Increased expression of microRNA-335 predicts a favorable prognosis in primary gallbladder carcinoma.

BACKGROUND: MicroRNAs (miRNAs) display aberrant expression patterns and functional abnormalities in many types of cancer. However, their roles in primary gallbladder carcinoma (PGC) have not been well documented. miR-335 has been demonstrated to be involved in tumorigenesis of several cancers in the digestive system. The aim of this study was to investigate the clinical significance of miR-335 in PGC.
METHODS: miR-335 expression in 166 human PGC tissues and matched adjacent nondysplastic gallbladder epithelia was measured by real-time quantitative polymerase chain reaction (RT-PCR) assay.
RESULTS: The expression level of miR-335 was significantly lower in PGC tissues than that in nondysplastic gallbladder epithelia (P<0.001). Of 166 PGC patients, 96 (57.83%) had reduced expression of miR-335. Additionally, the expression of miR-335 was significantly lower in PGC tissues with high histologic grade (P=0.02), advanced pathologic T stage (P=0.009) and clinical stage (P=0.008), and with positive lymph node metastasis (P=0.001). In univariate analysis by log-rank test, histologic grade (P=0.03), pathologic T stage (P=0.008), clinical stage (P=0.01), lymph node metastasis (P<0.001), and miR-335 expression (P<0.001) were significant prognostic factors for overall survival of PGC patients. Multivariate analysis further revealed that pathologic T stage (P=0.02), lymph node metastasis (P=0.008), and miR-335 expression (P=0.006) maintained independent prognostic influence on overall survival.
CONCLUSION: This study offers convincing evidence for the first time that miR-335 was downregulated in a majority of PGC patients and may be associated with the aggressive tumor behaviors. Loss of miR-335 expression may be a useful marker for clinical outcome and a therapeutic target for PGC.

Introduction

Primary gallbladder carcinoma (PGC) represents the most common biliary tract malignancy and the sixth most common cause of cancer-related death.1 Although the incidence of PGC is lower than other cancers, it is a highly lethal disease. Worldwide, the median survival of PGC patients is less than 1 year, and the 5-year overall survival rate is less than 15%.2 Because of its nonspecific symptoms, the diagnosis of PGC is usually made postoperatively on tumors at an advanced stage; almost half of patients already have metastatic disease at the time of diagnosis.3 Complete surgical resection is still the only potentially curative treatment option for PGC patients, but many of the patients treated by curative resection showed poor outcome due to the high recurrence rate because this carcinoma has a great propensity to directly invade the liver, and it also frequently metastasizes to the liver and pericholedochal lymph nodes.4 Despite advances in imaging techniques and aggressive surgical treatment, with consequent disease remission, clinical outcomes vary significantly between patients and can be difficult to predict. Therefore, the goal to attain a more thorough understanding of the molecular biology, genetic causes, and cellular origin of PGC is of great significance in the development of improved therapeutic strategies and in the identification of prognostic markers.

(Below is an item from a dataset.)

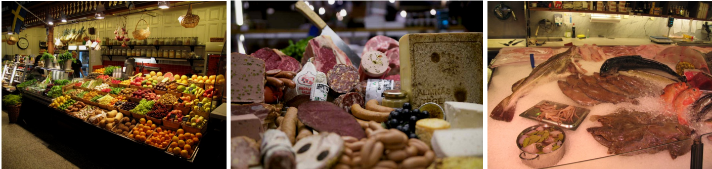
Various produce at the market hall

Here I find the most exquisit offering of vegetables, charcuteries, and seafood. The ambience, colors and scents are fantastic and are setting the tone for the entire market hall.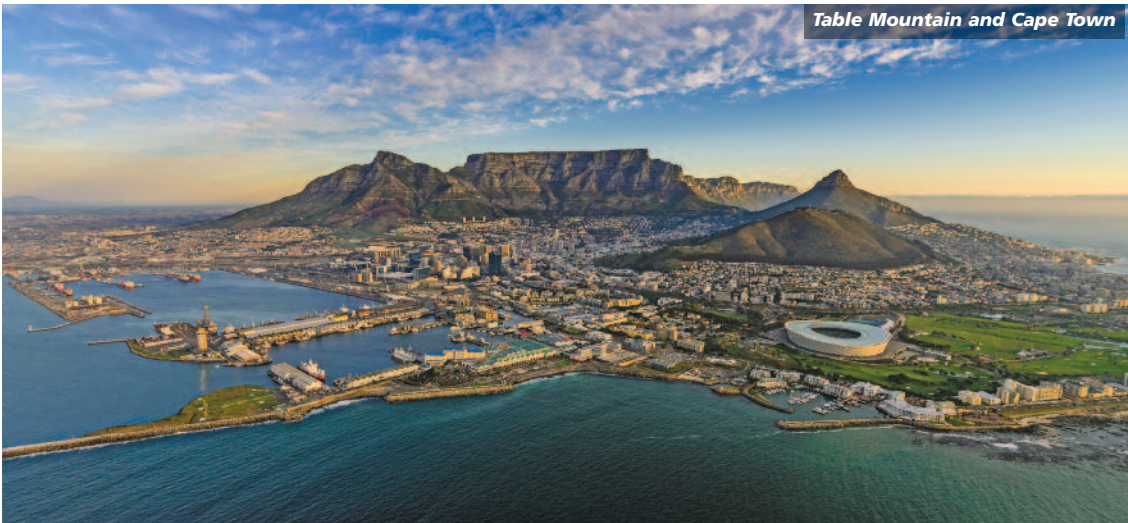
Table Mountain and Cape Town

MicroRNAs (miRNAs) are a class of small, single stranded, noncoding RNA molecules of 19–24 nucleotides in length.5 They control gene expression at the posttranscriptional level through messenger RNA (mRNA) degradation and/or translational repression. It is estimated that up to 60% of genes may be regulated by more than 1,900 human miRNAs thus far identified. The miRNAs bind to the 3′ untranslated regions of their target mRNAs, mediating translational repression and/or mRNA degradation.6,7 Accumulating studies indicate that miRNAs display aberrant expression patterns and functional abnormalities in many types of cancers. They act either as tumor suppressors or oncogenes according to the roles of their target genes. Changes in their expression are able to be used as robust and important biomarkers for cancer risk, diagnosis, and prognosis, and are even considered with great interest as possible miRNA-based therapeutic targets. However, their roles in PGC have not been well documented. There have been few reports on the involvement of miRNAs in PGC. Kono et al8 found that high miR-155 expression may be correlated with the aggressive behavior of PGCs. Srivastava et al9 evaluated the effects of genetic polymorphisms in premiRNA genes on the risk of PGC and indicated that common miRNA variants may not contribute to PGC susceptibility in the North Indian population. These reports suggested that miRNAs may control gene expression in PGC and play an important role in carcinogenesis of this disease.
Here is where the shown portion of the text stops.